Study material:
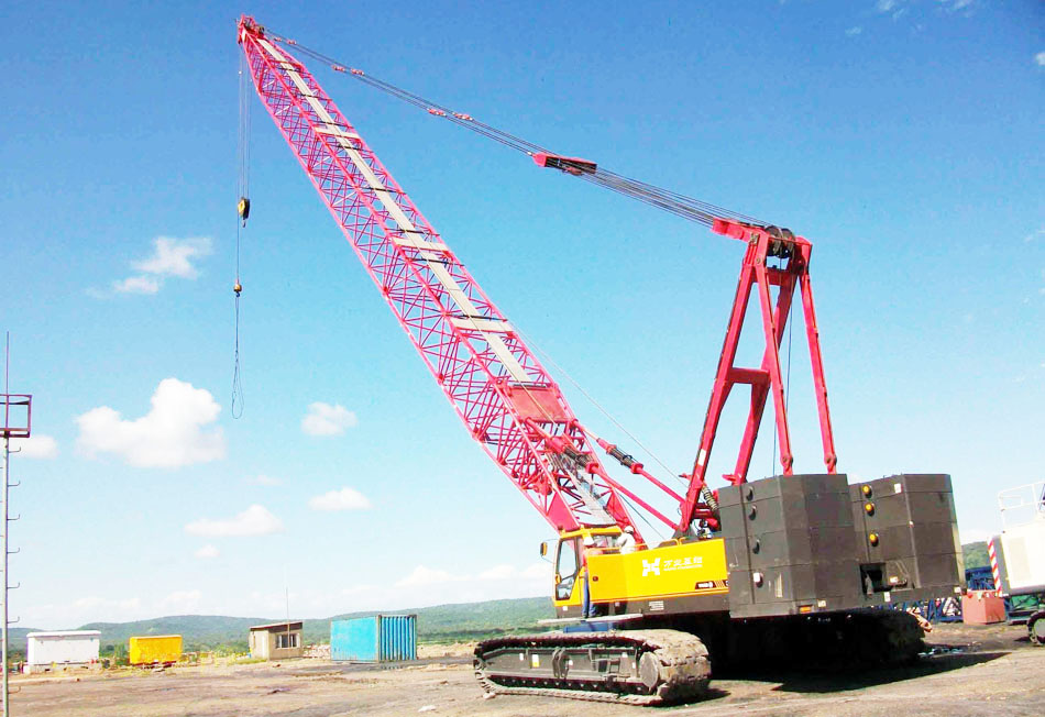 履帶起重機(jī)可以進(jìn)行物料起重、運(yùn)輸、裝卸和安裝等作業(yè)。履帶起重機(jī)具有起重能力強(qiáng)、接地比壓小、轉(zhuǎn)彎半徑小、爬坡能力大、不需支腿、帶載行駛、作業(yè)穩(wěn)定性好以及桁架組合高度可自由更換等優(yōu)點(diǎn),在電力、市政、橋梁、石油化工、水利水電等建設(shè)行業(yè)應(yīng)用廣泛。
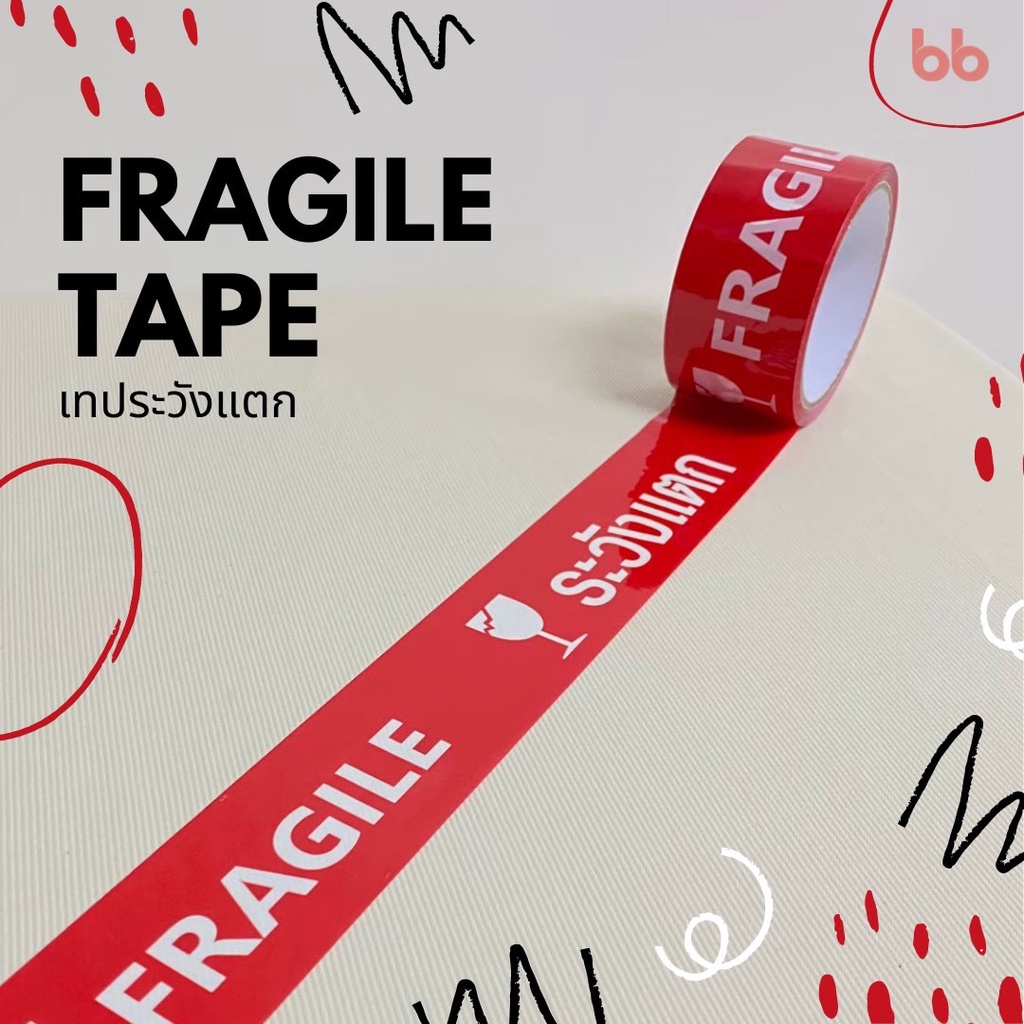 เทประวังแตก สีขาว/แดง/เหลือง/ดำ/ส้ม (ม้วน) 2 นิ้ว100 หลา 6 สี ระวังแตก fragile OPP tape ปิดกล่อง ติดกล่อง
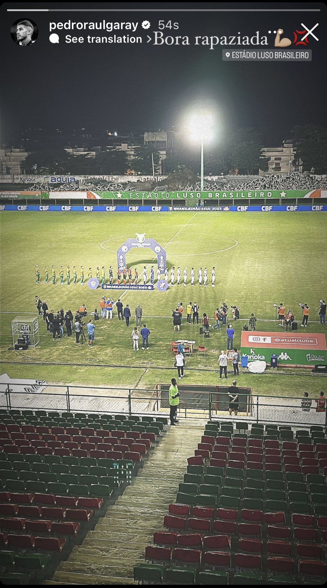 Fora do jogo por lesão, o atacante Pedro Raul está presente no Luso-Brasileiro para acompanhar a partida de daqui a pouco.
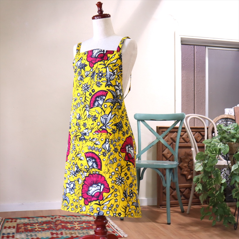 - パーニュ アフリカンプリント エプロン イエロー 【メール便送料無料】
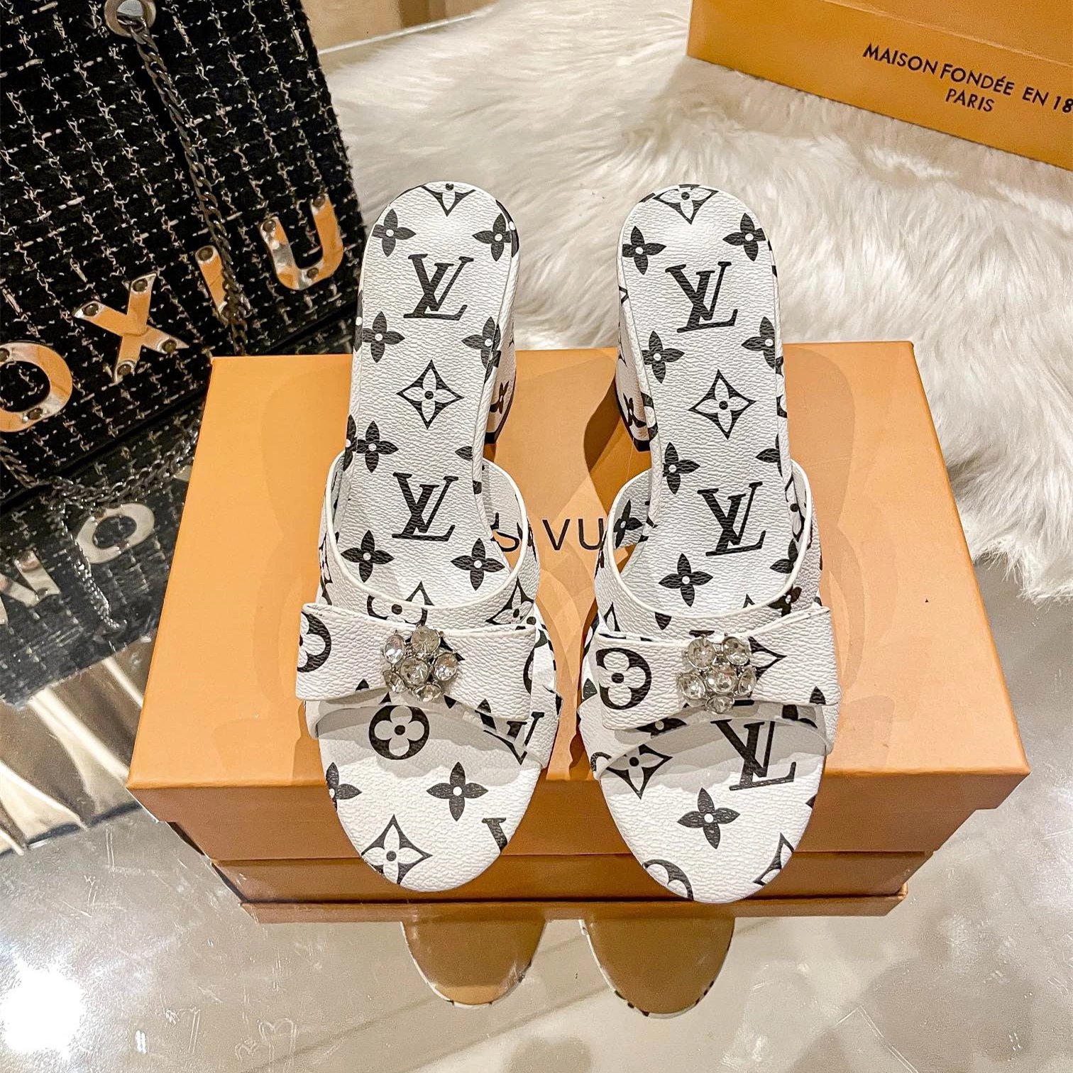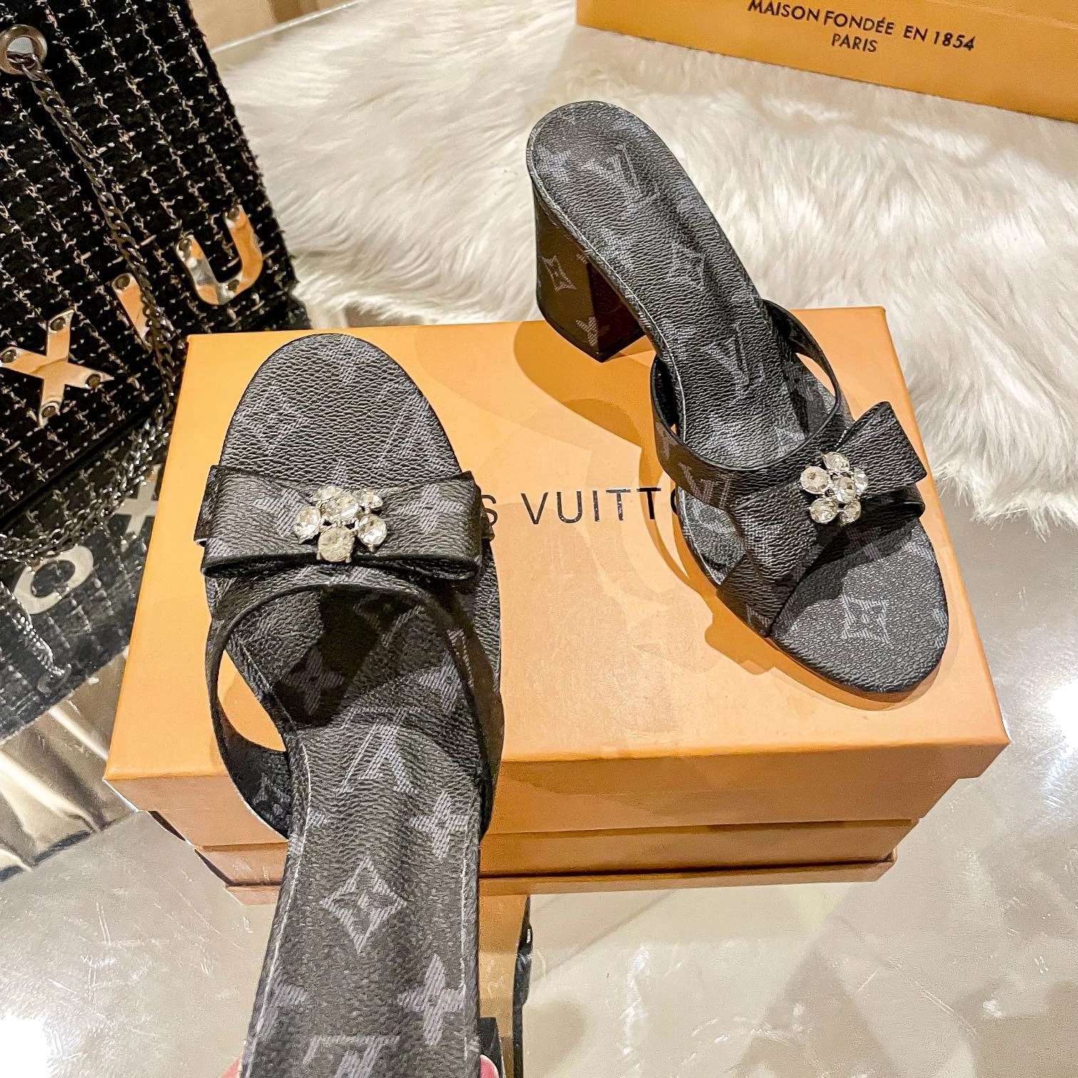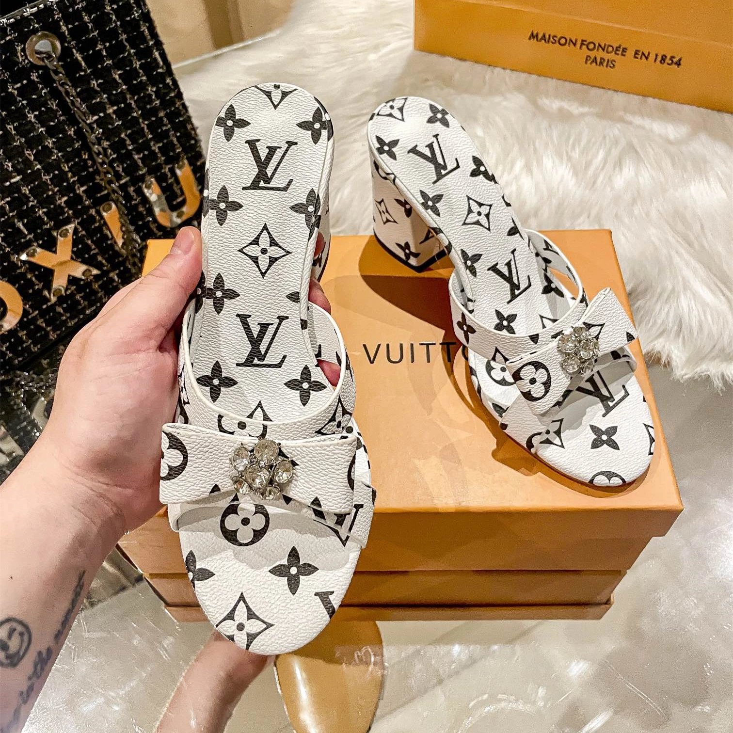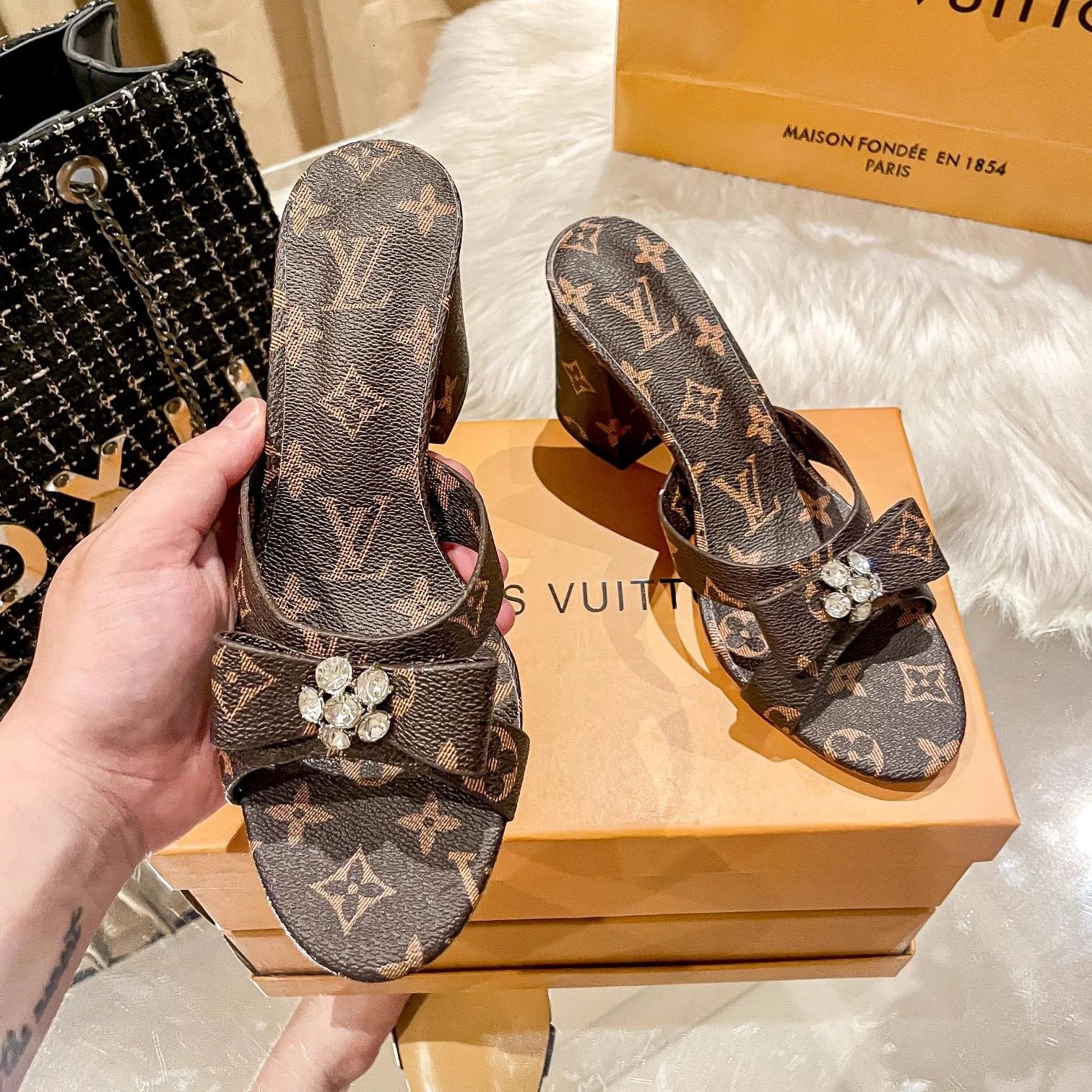 High version LV print monogram open toe rhinestone high heel leather soft-soled slippers 2024 old flower

About this task: When copying the material, leave every image behind and keep each line verbatim.

Answer to the exercise:
 履帶起重機(jī)可以進(jìn)行物料起重、運(yùn)輸、裝卸和安裝等作業(yè)。履帶起重機(jī)具有起重能力強(qiáng)、接地比壓小、轉(zhuǎn)彎半徑小、爬坡能力大、不需支腿、帶載行駛、作業(yè)穩(wěn)定性好以及桁架組合高度可自由更換等優(yōu)點(diǎn),在電力、市政、橋梁、石油化工、水利水電等建設(shè)行業(yè)應(yīng)用廣泛。
 เทประวังแตก สีขาว/แดง/เหลือง/ดำ/ส้ม (ม้วน) 2 นิ้ว100 หลา 6 สี ระวังแตก fragile OPP tape ปิดกล่อง ติดกล่อง
 Fora do jogo por lesão, o atacante Pedro Raul está presente no Luso-Brasileiro para acompanhar a partida de daqui a pouco.
 - パーニュ アフリカンプリント エプロン イエロー 【メール便送料無料】
 High version LV print monogram open toe rhinestone high heel leather soft-soled slippers 2024 old flower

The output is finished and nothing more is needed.